*Assigned task*
From the line containing "Vintage 1990s Yves" through the end of the material below, output each line exactly as written, with pictures excluded.

[[ Listed entries, beginning ]]

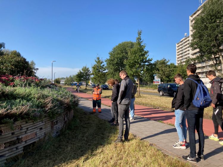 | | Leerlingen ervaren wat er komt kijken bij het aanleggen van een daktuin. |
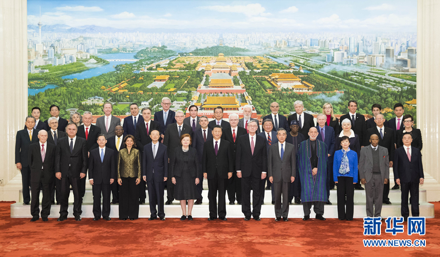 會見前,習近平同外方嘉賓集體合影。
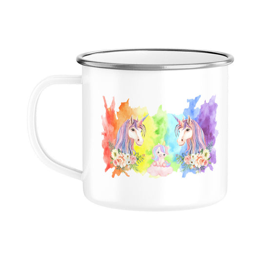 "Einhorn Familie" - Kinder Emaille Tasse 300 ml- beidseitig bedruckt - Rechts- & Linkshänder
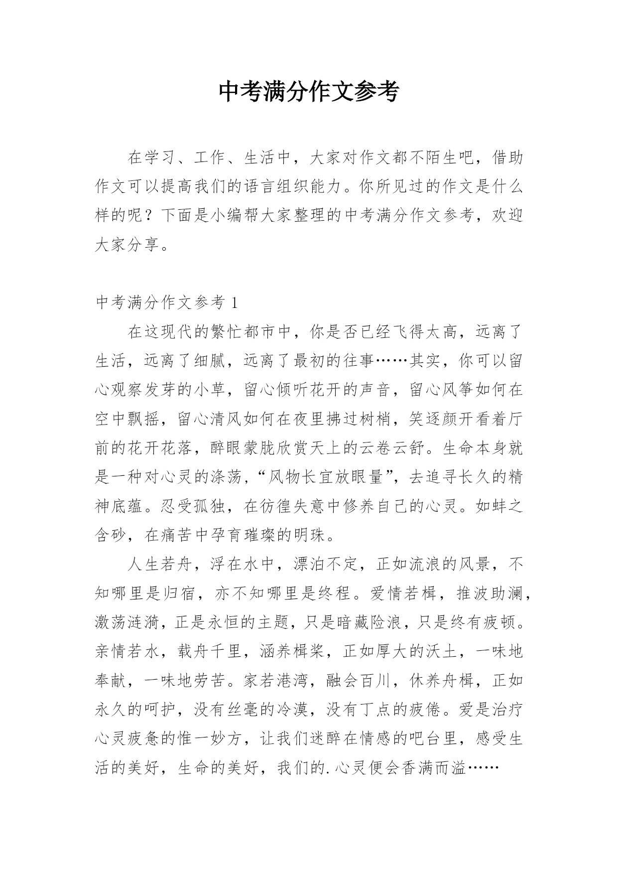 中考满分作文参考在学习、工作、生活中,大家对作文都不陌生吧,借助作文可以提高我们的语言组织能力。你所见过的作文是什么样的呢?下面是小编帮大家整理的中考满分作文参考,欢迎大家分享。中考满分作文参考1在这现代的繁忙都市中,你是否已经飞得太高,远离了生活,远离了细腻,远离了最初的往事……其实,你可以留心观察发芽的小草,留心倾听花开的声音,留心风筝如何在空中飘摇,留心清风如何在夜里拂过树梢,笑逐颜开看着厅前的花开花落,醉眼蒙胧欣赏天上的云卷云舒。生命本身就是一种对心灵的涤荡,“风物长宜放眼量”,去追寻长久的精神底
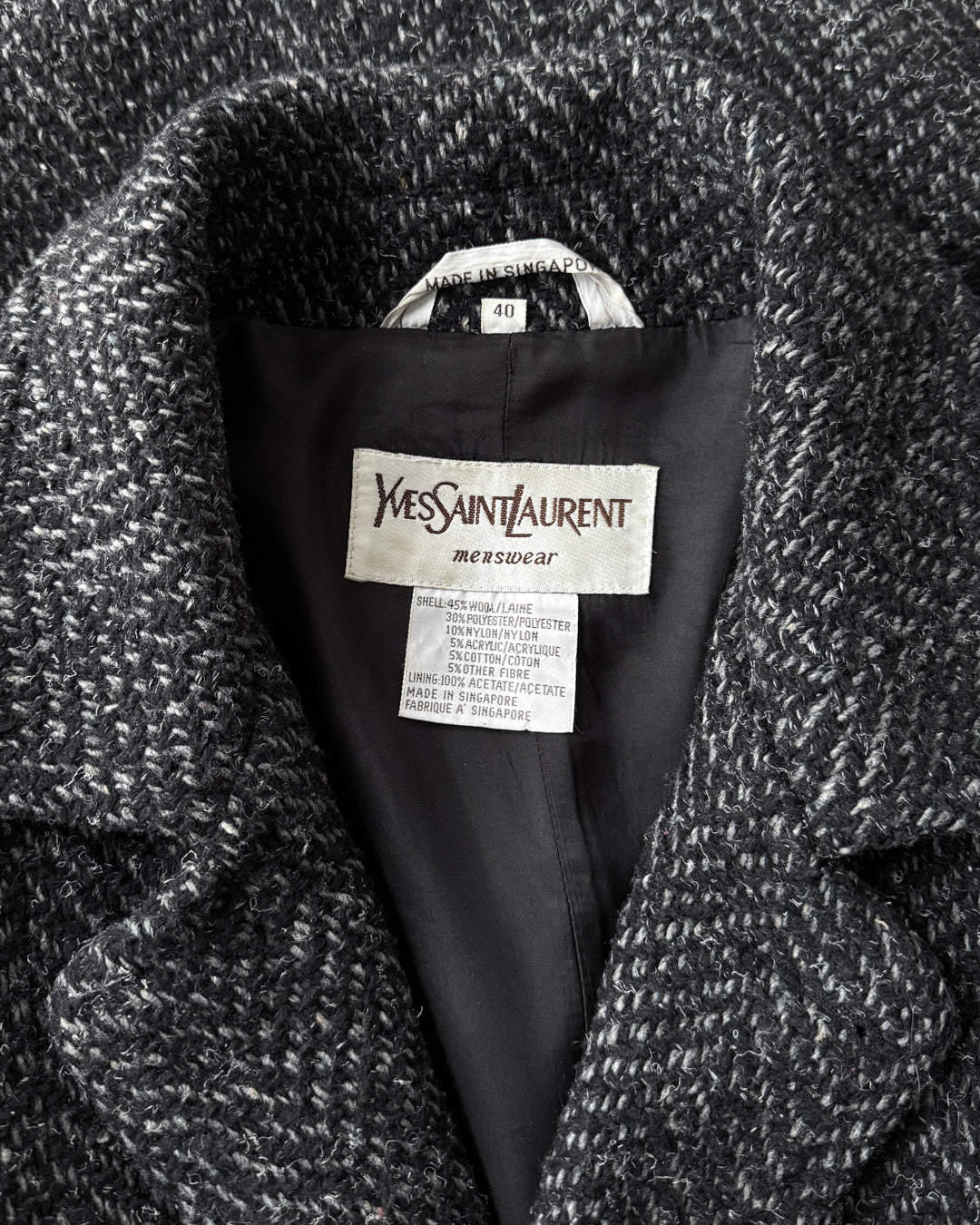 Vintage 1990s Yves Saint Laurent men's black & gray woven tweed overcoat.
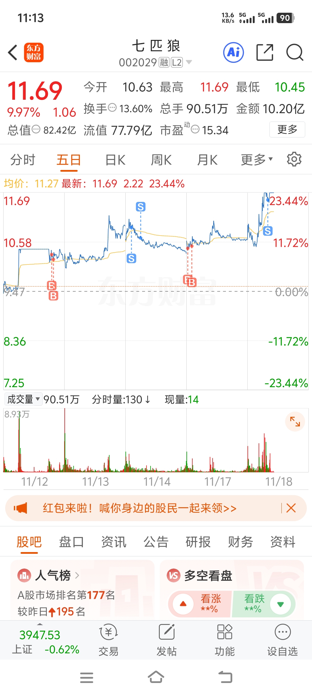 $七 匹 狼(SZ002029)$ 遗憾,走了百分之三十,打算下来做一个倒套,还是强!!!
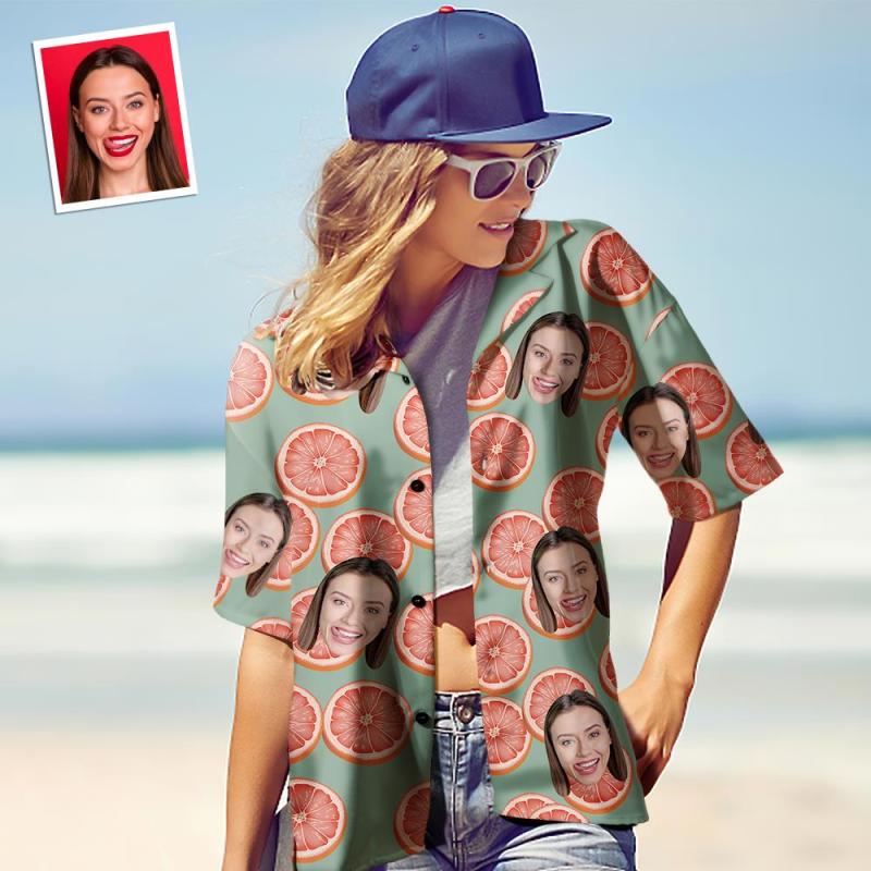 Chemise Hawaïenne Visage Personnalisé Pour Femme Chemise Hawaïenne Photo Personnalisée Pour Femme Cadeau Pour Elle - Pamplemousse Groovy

[[ Listed entries, end ]]

*Task output*
 Vintage 1990s Yves Saint Laurent men's black & gray woven tweed overcoat.
 $七 匹 狼(SZ002029)$ 遗憾,走了百分之三十,打算下来做一个倒套,还是强!!!
 Chemise Hawaïenne Visage Personnalisé Pour Femme Chemise Hawaïenne Photo Personnalisée Pour Femme Cadeau Pour Elle - Pamplemousse Groovy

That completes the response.